Accelerated Compute with OpenMP* GPU Offload

Rob_Mueller-Albrecht · ‎12-05-2023

Introducing a New Step-by-Step Guide

Looking at the origins of OpenMP*, it was designed to provide an easy-to-implement straightforward pragma and directive-driven approach to introducing highly parallel execution.

Its intent and purpose is to do so without being tied to a specific programming language, operating system, or hardware platform. Thus, it helps to streamline parallel software development and supersede tedious low-level multi-threaded programming solutions.

OpenMP was originally targeted towards controlling capable and completely independent processors with shared memory, such as the multi-core CPUs that form the backbone of most of our modern computational environments, whether it be your home PC or an exascale compute cluster.

GPU architecture is different:

There is no single shared memory space
They have thousands of cores
Cores have interdependencies
Thread overhead can be very small and lightweight

None of this, however, fundamentally contradicts the OpenMP approach.

Starting with OpenMP 4.0 in 2013, the ability to offload blocks of code was introduced in the form of an execution model for devices, and the

#pragma omp target (C/C++)

or

!$omp target / !$omp end target (Fortran)

constructs transferring control flow to the GPU target devices. Given that OpenMP is based on a model of forking parallel regions from a primary thread, parallel regions will then be defined for the offload GPU as a next step. More and more features supporting GPU offload, advanced memory allocation, and device execution scheduling have been introduced ever since.
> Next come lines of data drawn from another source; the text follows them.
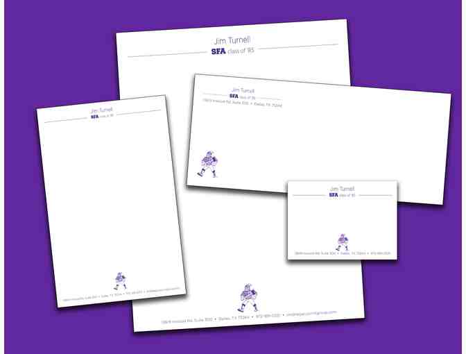 Customize this SFA branded stationery package from Legacy Print Group with your name and grad year!
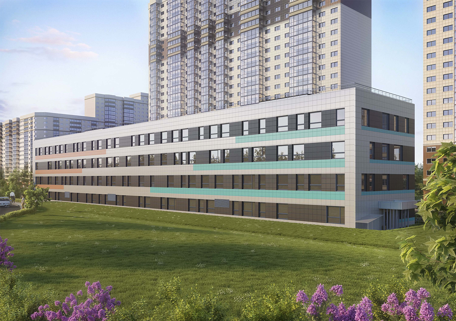 Медицинский центр с поликлиникой для взрослых и детей рассчитан на 413 посещений в смену. Пятиэтажное здание общей площадью чуть более 6 тыс. кв. м входит в четвертую очередь строительства микрорайона. Ввод центра в эксплуатацию запланирован на IV квартал 2019 года.
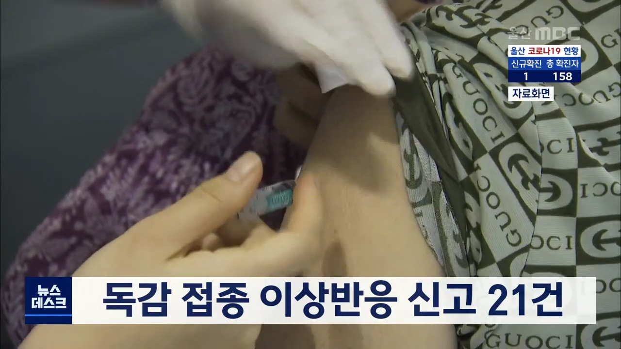 울산에서 독감 백신 접종 이후 이상 반응이 나타난다고 신고된 건수는 오늘까지 21건으로 집계됐습니다. 울산시는 증상 대부분이 피부가 붉어지는 발진, 발열 등 접종 후 일시적으로 나타나는 증상으로 다른 지역처럼 숨진 사람은 없다고 밝혔습니다. 울산시는 백신 접종과 사망사고 사이에 직접적인 인과관계는 없다며 무...
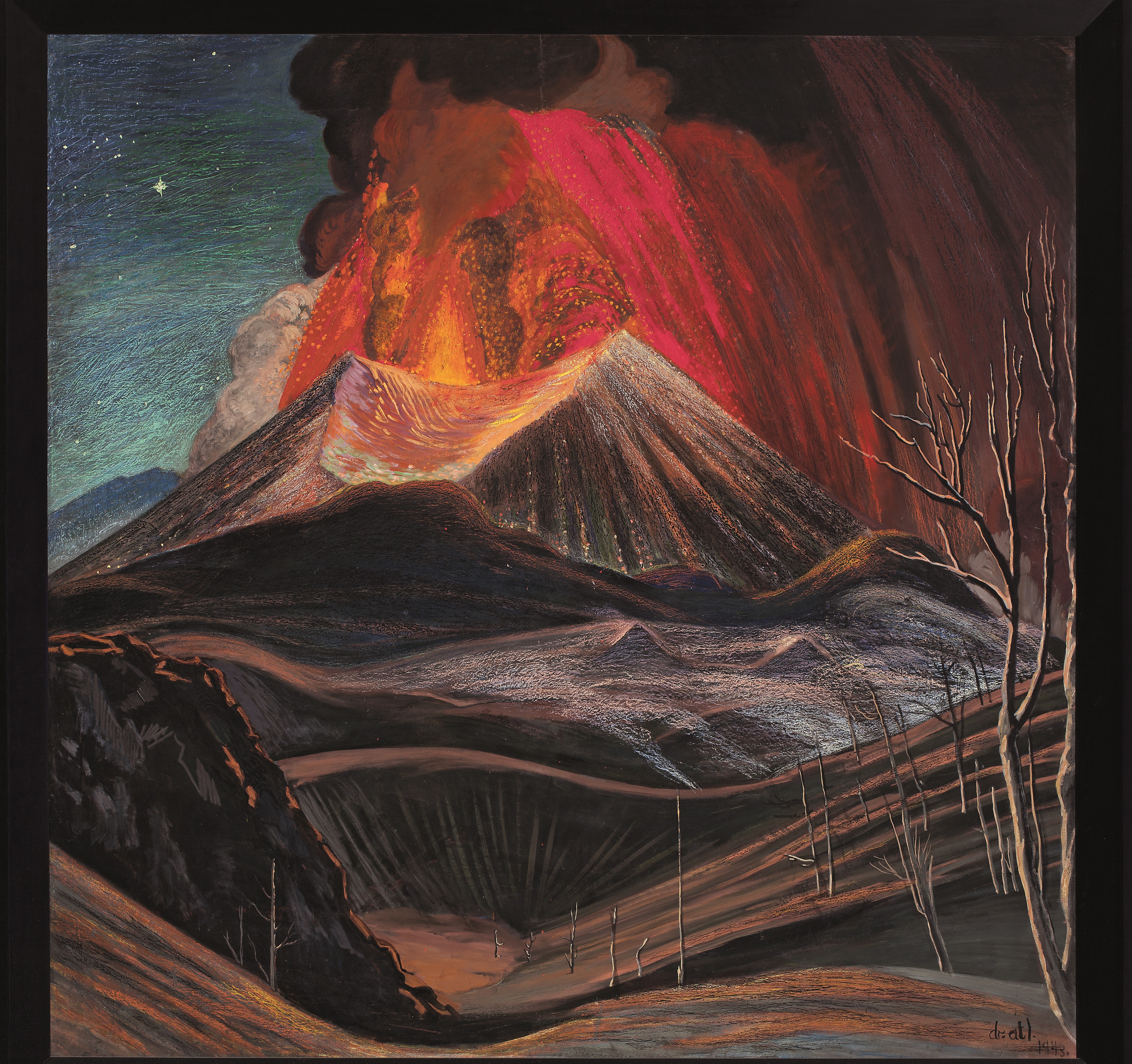 De inicios del siglo XX, el MUNAL posee piezas de una serie única en el mundo realizada por Gerardo Murillo “Dr. Atl”: Erupción del Paricutín (1943), cuyos elementos la convierten en una imagen singular dentro del contexto de las vanguardias latinoamericanas e internacionales. “El uso de colores saturados y brillantes expresa la energía de la lava y la fuerza de la tierra. El tratamiento de las pinceladas genera dinamismo y perspectiva, destacando la importancia de la obra”, comentó Martínez. Realizada con atl-color, esta pintura forma parte de una colección privilegiada que documenta el nacimiento del volcán michoacano y que el también vulcanólogo donó al entonces Museo Nacional de Artes Plásticas en 1950, integrada por 130 dibujos y 11 pinturas.

Today, with OpenMP 5.x, this parallelism framework effectively provides an abstraction layer permitting the use of OpenMP for GPU-based accelerated compute regardless of the targeted GPU hardware as long as a runtime library exists.

OpenMP keeps growing and evolving, maintaining and expanding its importance in high-performance computing. It is the de facto standard solution for many-GPU offload compute using Fortran.

Just as with other accelerated compute many-core offload approaches, keeping cross-device data transfers to a minimum and optimizing them for low latency is key.

To facilitate the ability of software developers to exploit the full potential of multicore hardware with OpenMP, we created a new

Application Offload and OpenMP* Optimization Portal using Intel® Tools

The OpenMP Offload Workflow

The Offload and Optimize OpenMP* Applications page provides a detailed learning path and workflow to demonstrate offload and optimization of an OpenMP application on Intel® GPUs using developer tools from Intel.

It uses real, fully accessible GitHub*-hosted, and comprehensive example code (ISO3DFD OpenMP Offload sample) to illustrate and guide you through the steps towards highly performant GPU offload acceleration.

The key steps are:

Install Development Tools and an Appropriate Compiler
Assess Application Performance on CPU and Potential GPU Kernels
Offload Compute-Intensive Code Regions in Kernels
Evaluate Offload Efficiency
Optimize the Offload Process
Review Overall Application Performance

After you read through the Guided OpenMP Offload Workflow and check out its example code, you will be ready to apply the learnings and recipes we provide to your complex applications and tune their performance.

For initial performance assessment, the workflow introduces Intel® VTune™ Profiler hotspot analysis.

The Vectorization and Code Insights Perspective and CPU/Memory Roofline Insights of the Intel® Advisor will give you the CPU-centric performance baseline and tuning guidance that can then be used as a reference for the potential benefits OpenMP Offload Modelling will highlight.

You will then see how to introduce OpenMP offload kernels to a GPU using Intel® Compilers, followed by additional fine-tuning iteratively increasing offload efficiency until you reach the desired overall application performance.

Next Steps

Let us start bringing OpenMP accelerator offload to your applications and taking advantage of the potential for significant performance benefits executing compute-intensive, highly parallel code on one or many GPUs.

The development tools used as part of the Offload and Optimize OpenMP* Applications workflow that will help you streamline the introduction of OpenMP GPU offload to your codebase are:

Intel® DPC++/C++ Compiler included in the Intel® oneAPI Base Toolkit (Base Kit).
Intel® Fortran Compiler included with the Intel® HPC Toolkit. For full functionality, download this toolkit in addition to the Base Kit.
Intel® Advisor (included with the Base Kit)
Intel® VTune™ Profiler (included with the Base Kit)
Profiling Tools Interfaces for Intel GPUs.

Additional Resources

Van_Veen__Lennaert · ‎05-03-2024

Where can I find a list of MKL functions that will be executed efficiently on GPU? I have seen examples with calls to BLAS routines, but what about, for instance, FFT and PRNG routines? Does it make sense to include, for instance, a call to Dfti_Compute_Forwards in a code black that is Offloaded to a GPU?